The response variable is cnt – total hourly bike
rentals. The sub-components casual and
registered are used for descriptive purposes only, as their
sum equals cnt and including them in predictive models
would constitute data leakage. The dataset used is the UCI Bike Sharing
Dataset (hour.csv), which records hourly rentals from the
Capital Bikeshare system across 2011 and 2012.
| Measure | Value |
|---|---|
| Total observations | 17379 |
| Variables | 17 |
| Missing values | 0 |
| First date | 2011-01-01 |
| Last date | 2012-12-31 |
| Mean cnt | 189.46 |
| Median cnt | 142 |
| Maximum cnt | 977 |
As shown in Table 1, the dataset contains 17,379 hourly observations
with no missing values.
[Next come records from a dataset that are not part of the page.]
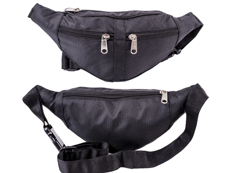 This bumbag by flightec is black in colour with multiple compartments. There is a main zip compartment at the top of the bag. A medium zip compatment at the back of the bag and two small zipped pockets on the front of the bag. It also features a black adjustable strap for around the waist.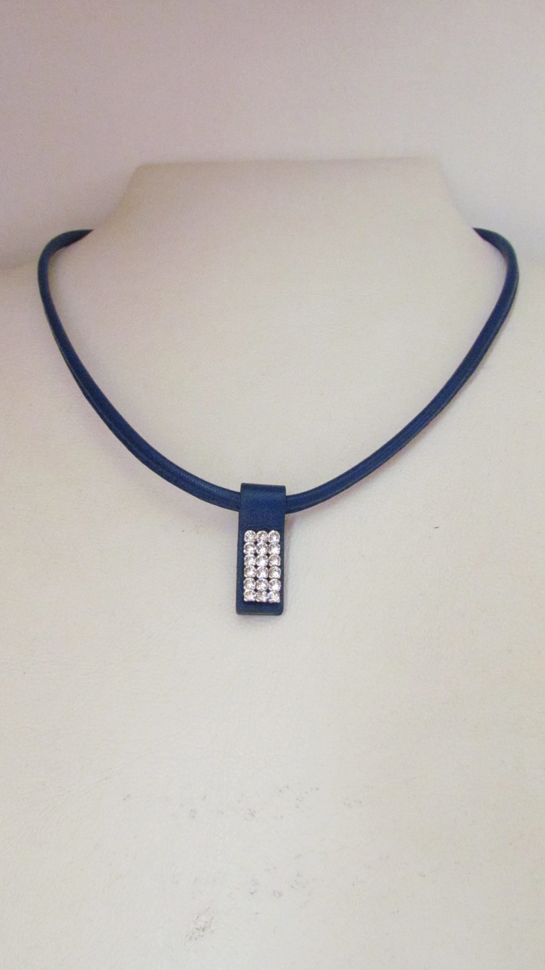 A nyaklánc Swarovski Elements kristályokkal díszített, királykék olasz bőr felhasználásával készült. A Swarovski Elements kristályok fehér színűek. Nem csak ragasztottak, hanem varrottak is. Swarovski kristály díszített terület: 3 kősorosan, 1.5 cm hosszan. A nyaklánc Hossza: 40 cm. Igény szerint módosítható. Minden termékre 6 hónap garancia van. Díjmentes szállítás 20.000 Ft feletti vásárlás esetén. Rendelés esetén : I.V.E. márka jelzéssel ellátott elegáns zárható csomagolás, használati utasítás (vásárlói tájékoztató), és logózott fekete organza ékszertartó tasak mellékelve.
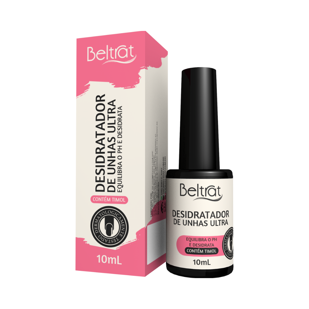 O Desidrat Ultra Beltrat, o único desidratador com Timol, um antifúngico eficaz para eliminar parasitas. Este produto exclusivo tem a função de regular o pH das unhas, removendo a umidade e oleosidade, além de tratar possíveis fungos, preparando-as adequadamente para receber os produtos de alongamento.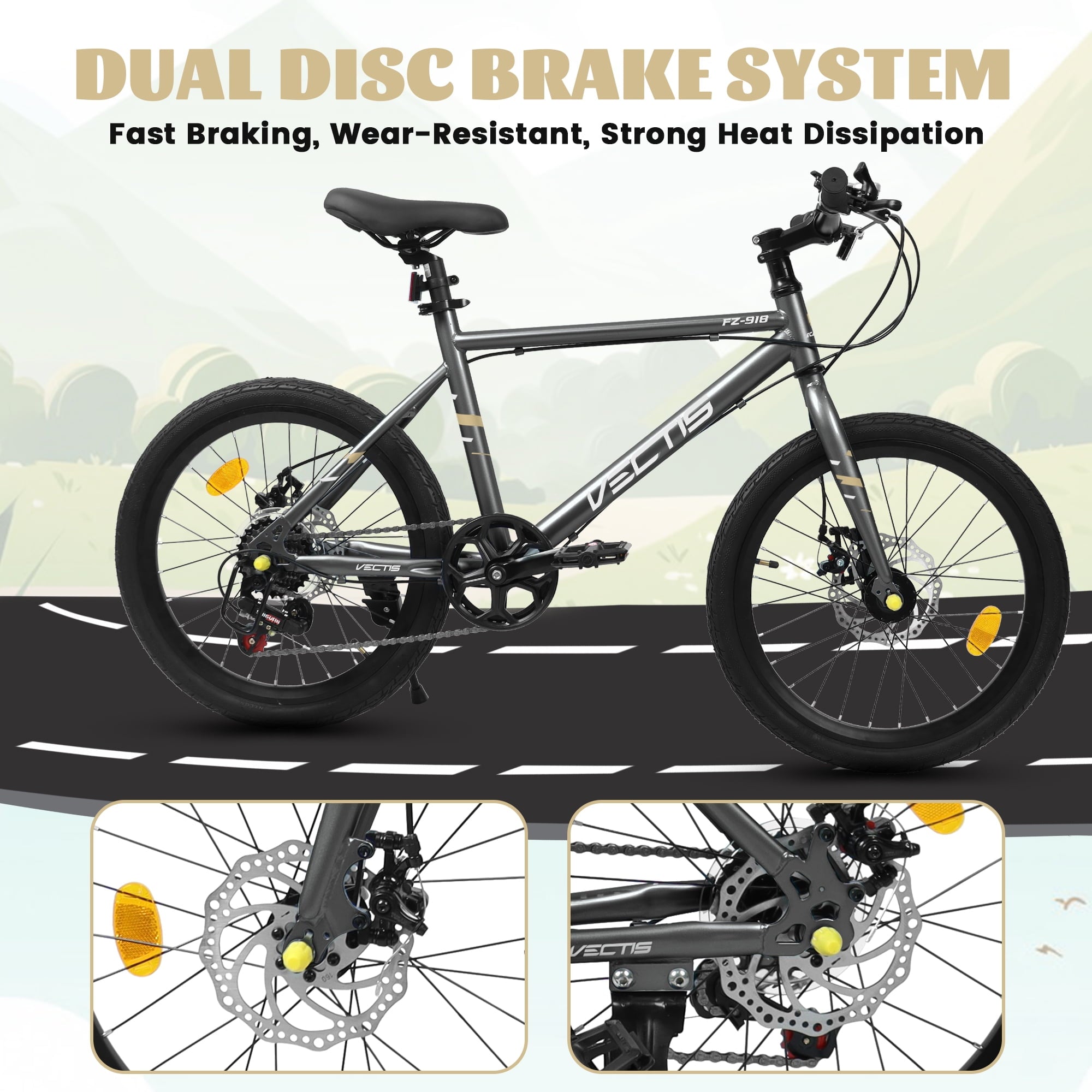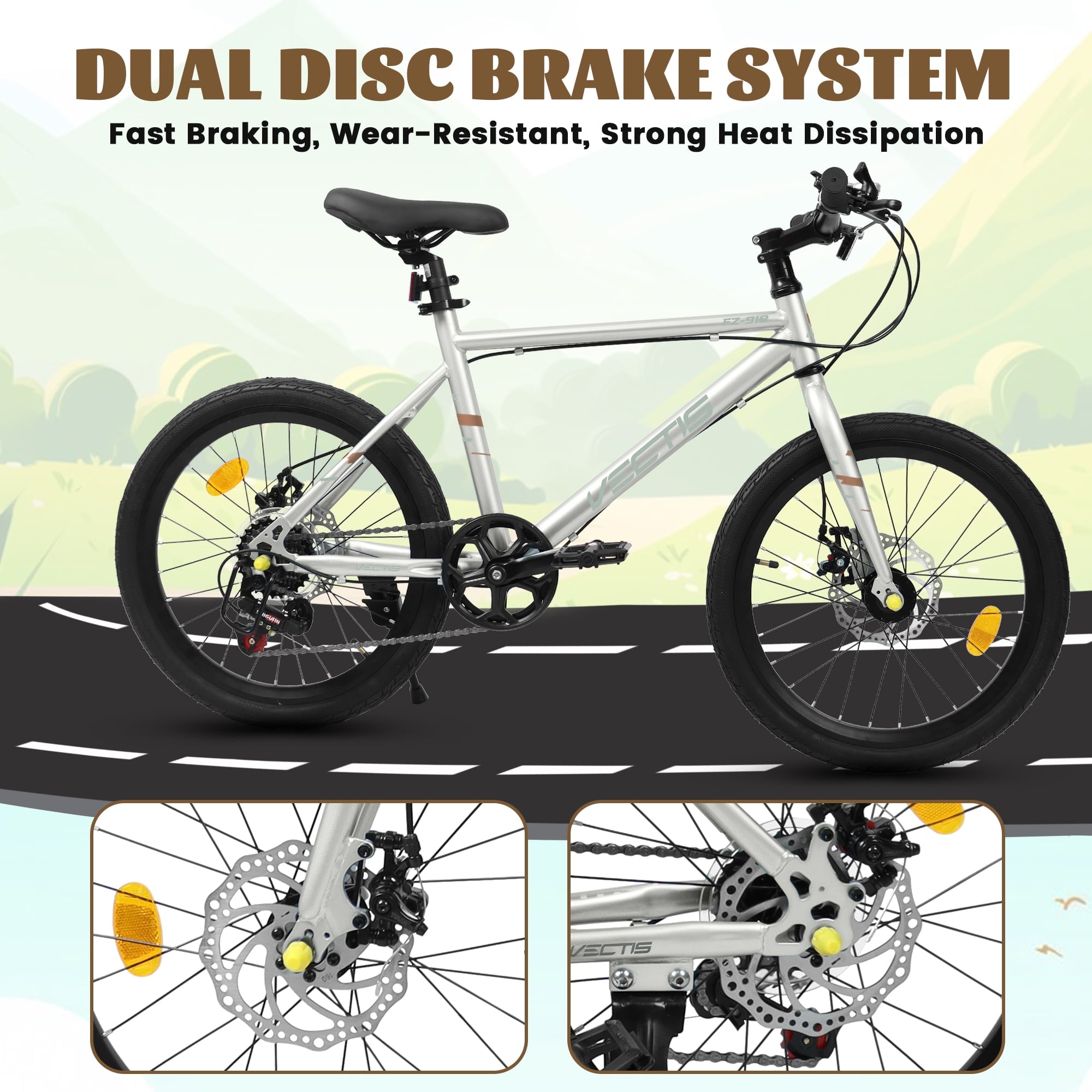 - [Dual Disc Brakes for Superior Safety & Control] Safety is prioritized with front and rear disc brakes, delivering reliable stopping power in all weather conditions. Unlike traditional rim brakes, disc brakes offer consistent performance on wet or uneven surfaces, giving parents peace of mind and kids the confidence to ride faster and farther.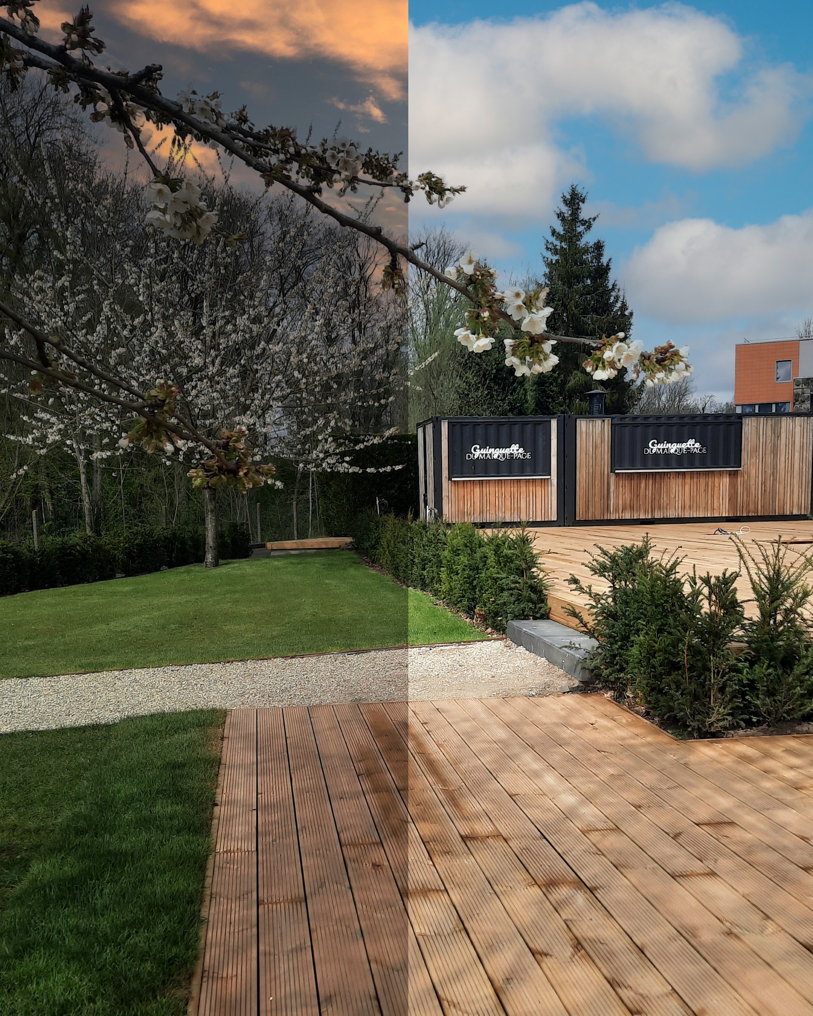 Le Marque-Page Restaurant & Guinguette est un restaurant proposant une cuisine de qualité, situé à Marcq-en-Baroeul (59). L’établissement a la particularité d’avoir une double identité : le restaurant en intérieur – classe et lounge – et sa guinguette en extérieur – chill et fun. Ce fut un vrai plaisir de jouer avec ces deux ambiances !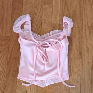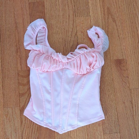 Chic pink corset top with ruffled details. Perfect for a stylish look.

The mean hourly demand is 189.46 rentals, with a
maximum of 977 in a single hour. Key predictors include
season, yr, mnth,
hr, holiday, weekday,
workingday, weathersit, temp,
atemp, hum, and windspeed.
Effective data preparation is a prerequisite for reliable analysis. This section describes the steps taken to transform the raw dataset into an analytically ready form, including type conversion, factor encoding, and feature engineering.
The following transformations were applied to the raw data:
dteday column was parsed from string to
Date format to enable chronological operationsbike_clean <- bike %>%
mutate(
date = as.Date(dteday),
season_name = factor(season, levels = c(1, 2, 3, 4),
labels = c("Spring", "Summer", "Fall", "Winter")),
weather_name = factor(weathersit, levels = c(1, 2, 3, 4),
labels = c("Clear/Partly Cloudy", "Mist/Cloudy",
"Light Rain/Snow", "Heavy Rain/Snow")),
year_name = factor(yr, levels = c(0, 1),
labels = c("2011", "2012")),
weekday_name = factor(weekday, levels = 0:6,
labels = c("Sunday", "Monday", "Tuesday",
"Wednesday", "Thursday",
"Friday", "Saturday")),
workingday_name = factor(workingday, levels = c(0, 1),
labels = c("Non-working day", "Working day")),
weekend = ifelse(weekday %in% c(0, 6), 1, 0),
part_of_day = case_when(
hr <= 5 ~ "Late night",
hr <= 11 ~ "Morning",
hr <= 16 ~ "Afternoon",
hr <= 20 ~ "Evening",
TRUE ~ "Night"
),
demand_group = case_when(
cnt < quantile(cnt, 0.33) ~ "Low",
cnt < quantile(cnt, 0.66) ~ "Medium",
TRUE ~ "High"
)
) Three engineered variables enhance the analytical framework.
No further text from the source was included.